» Problem statement
Exact copies of all the lines below are required, with the pictures omitted.

══ Input data ══

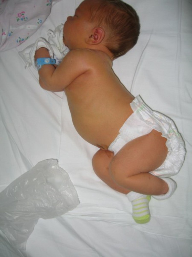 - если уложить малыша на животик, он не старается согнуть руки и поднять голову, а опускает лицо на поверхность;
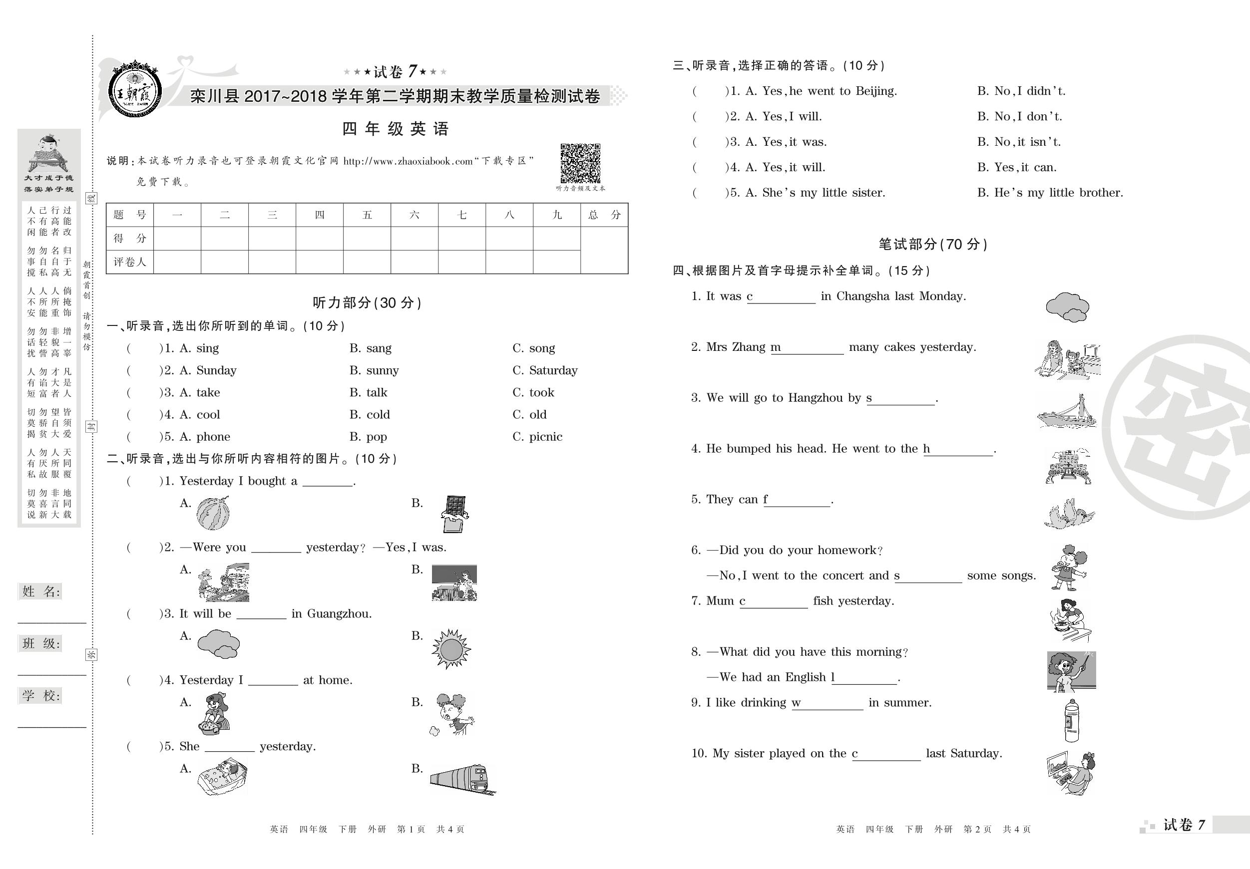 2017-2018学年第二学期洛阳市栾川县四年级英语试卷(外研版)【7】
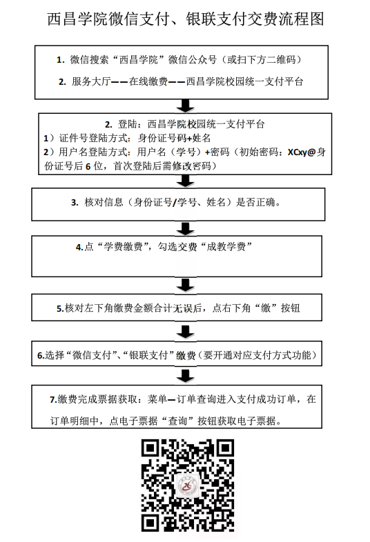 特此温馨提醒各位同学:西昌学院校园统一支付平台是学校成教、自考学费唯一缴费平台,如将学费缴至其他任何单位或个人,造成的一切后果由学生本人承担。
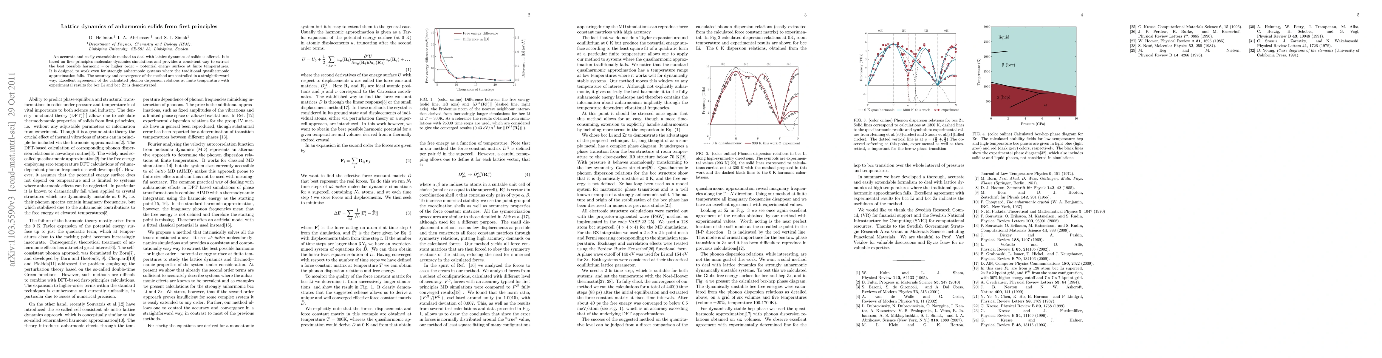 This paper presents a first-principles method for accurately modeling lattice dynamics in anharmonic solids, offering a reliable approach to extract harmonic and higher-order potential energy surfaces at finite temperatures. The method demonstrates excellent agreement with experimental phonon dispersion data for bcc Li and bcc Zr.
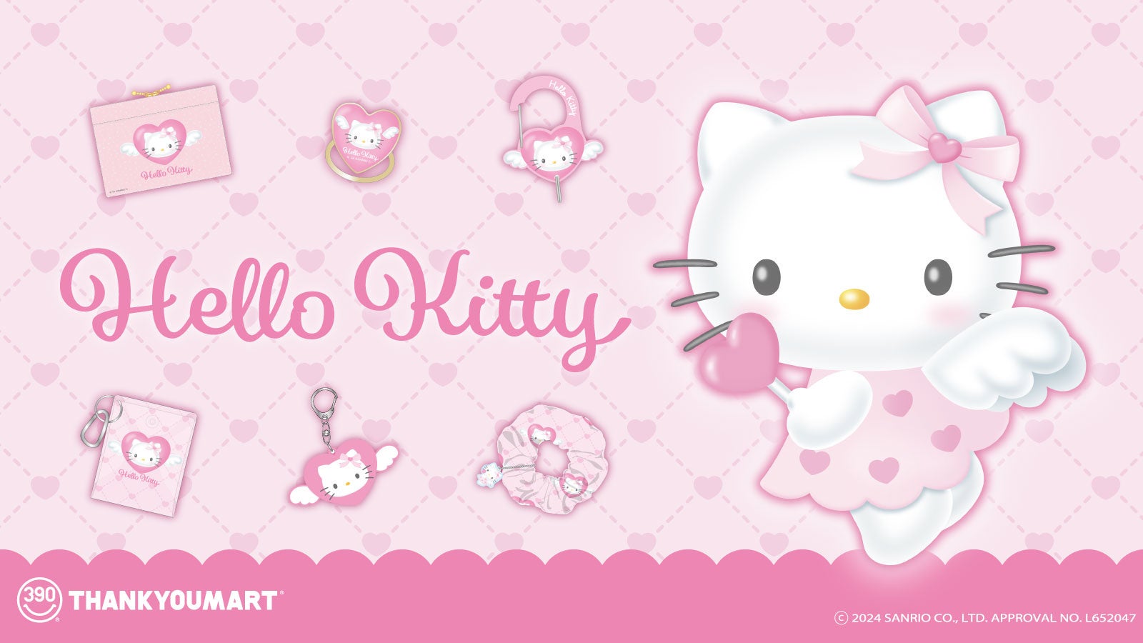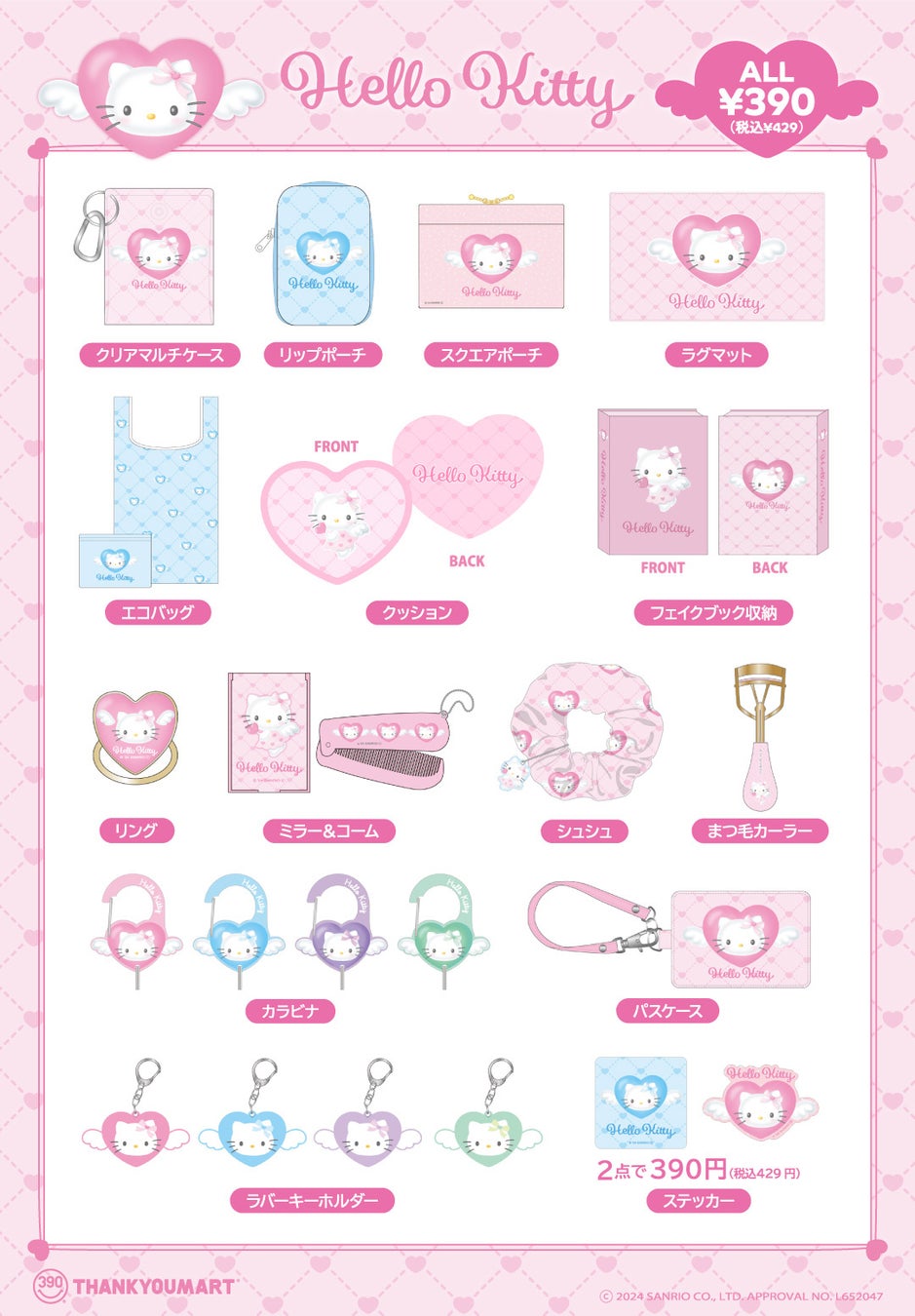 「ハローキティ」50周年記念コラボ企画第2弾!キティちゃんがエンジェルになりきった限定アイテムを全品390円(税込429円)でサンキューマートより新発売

═══

» Your response
 - если уложить малыша на животик, он не старается согнуть руки и поднять голову, а опускает лицо на поверхность;
 2017-2018学年第二学期洛阳市栾川县四年级英语试卷(外研版)【7】
 特此温馨提醒各位同学:西昌学院校园统一支付平台是学校成教、自考学费唯一缴费平台,如将学费缴至其他任何单位或个人,造成的一切后果由学生本人承担。
 This paper presents a first-principles method for accurately modeling lattice dynamics in anharmonic solids, offering a reliable approach to extract harmonic and higher-order potential energy surfaces at finite temperatures. The method demonstrates excellent agreement with experimental phonon dispersion data for bcc Li and bcc Zr.
 「ハローキティ」50周年記念コラボ企画第2弾!キティちゃんがエンジェルになりきった限定アイテムを全品390円(税込429円)でサンキューマートより新発売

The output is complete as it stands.